- El Mokhtar
- Breed: Arabian
- Sire: Galal
- Grandsire: Nazeer
- Dam: Mohga
- Maternal grandsire: El Sareei
- Sex: Stallion
- Foaled: February 9, 1971
- Died: December 31, 1983 (aged 12)
- Country: Egypt
- Color: Black

= El Mokhtar =

Horse actor

El Mokhtar (February 9, 1971 – December 31, 1983) was an Arabian horse, and one of three black Arabian stallions used to portray "The Black" in the second Black Stallion film, The Black Stallion Returns.

El Mokhtar was imported by a syndicate of American Arabian breeders in 1975. El Mokhtar was of Egyptian Arabian bloodlines, rarely shown, and originally not even broke to ride because he was considered valuable.

==The Black Stallion==

Shortly after his arrival in America, El Mokhtar was seen by The Black Stallion author Walter Farley. An offer was made for El Mokhtar's services for the role of 'The Black' for the first Black Stallion film, but it was firmly declined by his syndicate. Black Stallion trainer Corky Randall also liked El Mokhtar, and, at Randall's urging, the movie studio bought out the entire 40-member syndicate in order to secure El Mokhtar for the second Black Stallion film.

El Mokhtar was one of three black Arabian stallions used to portray the Black in the second film. The director loved his huge, expressive eyes, so he appears in several close-up shots. More important to the film was how El Mokhtar could run; he is the Black in the cross-country race.

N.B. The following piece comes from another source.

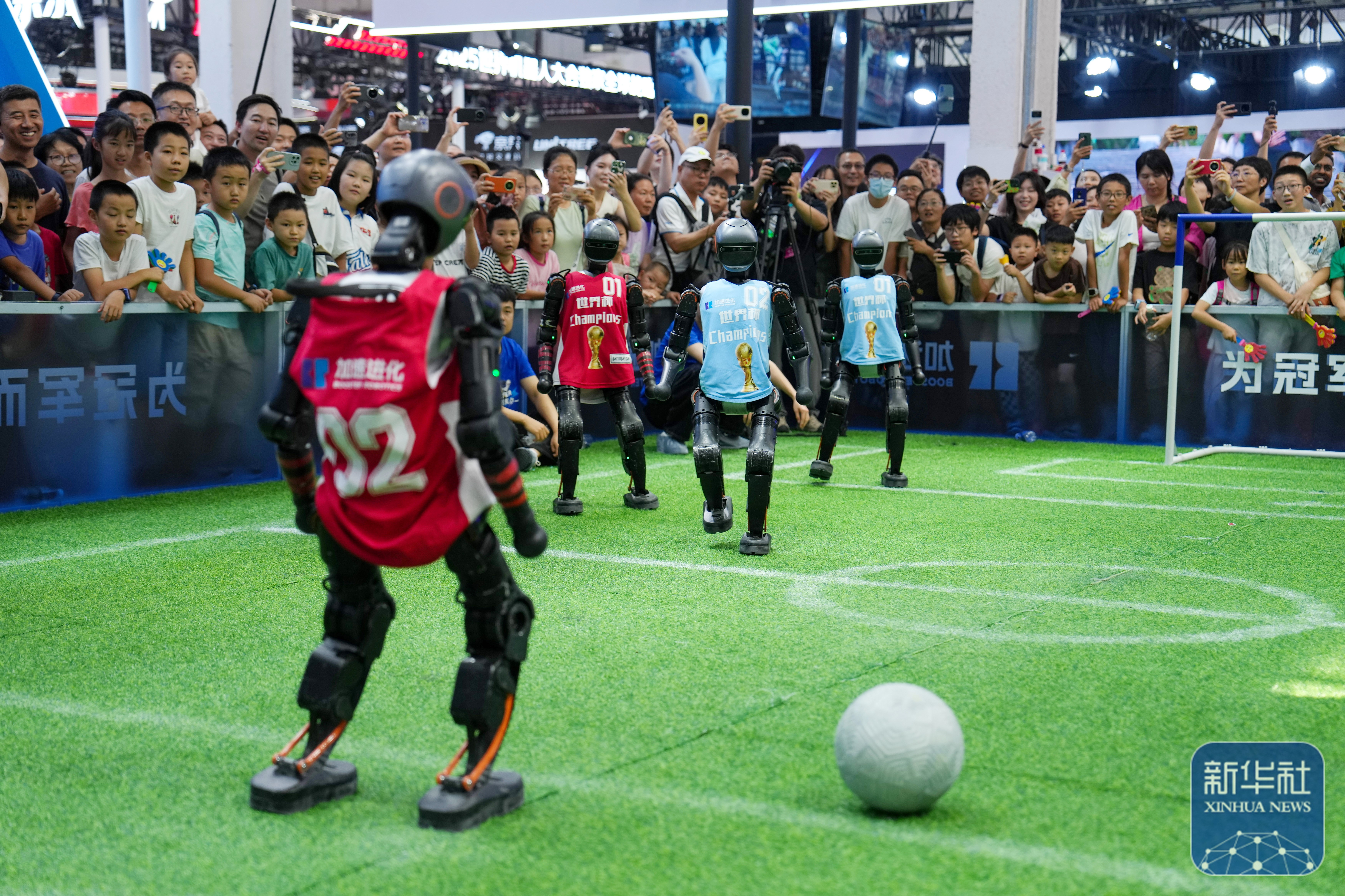 ↑ 谢天下机器东说念主大会展馆内,不雅众在加快进化公司展台不雅看东说念主形机器东说念主足球赛演示(8月11日摄)。

The native extras riding the other horses were urged to make a real race of it. The 'come from behind' win of 'The Black' is the product of a real race.

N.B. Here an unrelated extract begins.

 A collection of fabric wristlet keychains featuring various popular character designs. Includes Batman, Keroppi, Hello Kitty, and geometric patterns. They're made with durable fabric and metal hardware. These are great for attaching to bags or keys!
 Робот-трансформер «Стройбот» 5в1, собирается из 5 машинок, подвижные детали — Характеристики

El Mokhtar was also trained to do the 'courting' scenes with the gray gelding Talishma, who played the mare Johar in the film. Those scenes were scheduled as the last to be shot. Just prior to the filming date, El Mokhtar developed a severe case of horse colic. No modern veterinary facility was available in Morocco, making surgery impossible, and as a result, El Mokhtar was humanely euthanized on the set December 31, 1983. An autopsy revealed a severe twist, and a rupture; even if surgery had been possible, it is very unlikely he would have survived.

El Mokhtar was unusually tall for a purebred Arabian, and very 'Egyptian' in type with a long, clean-cut neck, small head, and fine boned for his size. El Mokhtar was not only a good athlete - the work in the Black Stallion film was strenuous and demanding - but he also had a very good nature and was a willing performer. Corky Randall said, "He just never did anything wrong."